Of course, they have several other conversations, although (a) Stillman never seems to recognise Quinn and (b) Quinn always uses a different name for each subsequent meeting.

The only other thing I want to mention about this novel is that at one stage, for reasons I won't get into, Quinn decides he needs to actually talk to the famous detective, Paul Auster, but there doesn't seem to be any such person. All he can find is one Paul Auster, novelist, who happens to be married to "Siri" (in real life, Paul Auster is married to Siri Hustvedt) who is no help to him. Then, right at the end, the narrator speaks of being Auster's friend.

Ghosts is more straight-forward, and the least satisfying of the three novels for me. Basically, a fellow called Blue is employed by a fellow called White to sit in an apartment room and watch Black, who occupies another apartment across the street. All that Black seems to do is sit in his room and write: Blue, trying to make a record of all Black's movements is given little to write. of course, for anyone watching Blue, all he seems to do is sit in his room and write although, as he becomes more sure of Black's routines, Blue does take the chance to go watch a game (baseball seems to be a thing of Austers) or a movie. Maybe Black is doing the same. Eventually, Blue becomes oppressed with the idea that White has simultaneously employed Black to watch him, or maybe that there's no White at all.

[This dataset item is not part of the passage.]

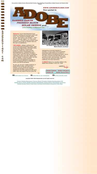 87%interámerica's adobe builder-your portal to adobe homes, adobe houses, rammed earth homes, pressed block houses, solar design and green building. offering back-pacs of adobe builder magazine, earthbuilder's encyclopedia cd-rom, southwest solaradobe classes, and affordable house plans
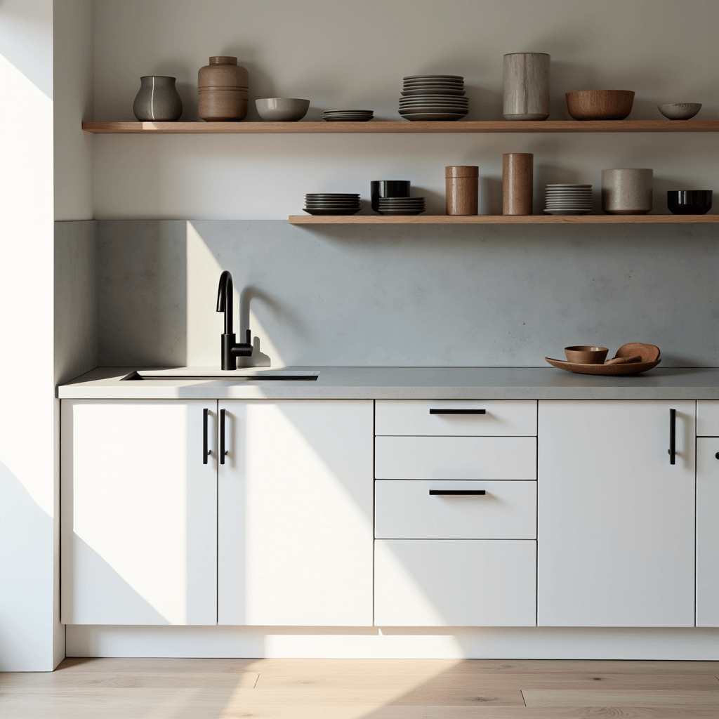 A sleek gray countertop set against crisp white cabinetry, open shelving, and bold black accents — a timeless combination that never fails.

I liked the third novel (The Locked Room) most, probably because it was the least mind-altering in its structure - although the names Peter Stillman and Daniel Quinn both make an appearance. Again, there is no formal detective, but our narrator takes on a detective-like task: he is to write a biography of a childhood friend, Fanshawe. This comes about because Fanshawe is believed to be dead, and his widow asked our narrator (he has no name) to look through the voluminous papers left behind. They turn out to be unpublished novels, plays and short stories, which our hero gets published, to great popular acclaim. So far, fairly straight-forward, but then the narrator gets a letter, evidently from Fanshawe. This provokes the narrator's search for clues as to where he might find Fanshawe, under the guise of writing his biography. We don't get a very clear idea as to why Fanshawe should have chosen to stage his own death, but there is the suggestion that he doesn't think very much of himself as a person, that people's lives will be made better by his departure, including that of his wife, who would be much better off with the narrator: I think that this is because the effort/self-containment required of him to actually be an author meant that there was little left over for those around him. He couldn't function as a husband and father: is the narrator any better when he takes on at least the guise of an author?

I've just scratched the surface of one of the themes of these novels (authorship), there is much more which could be talked about, some of which is raised in this discussion.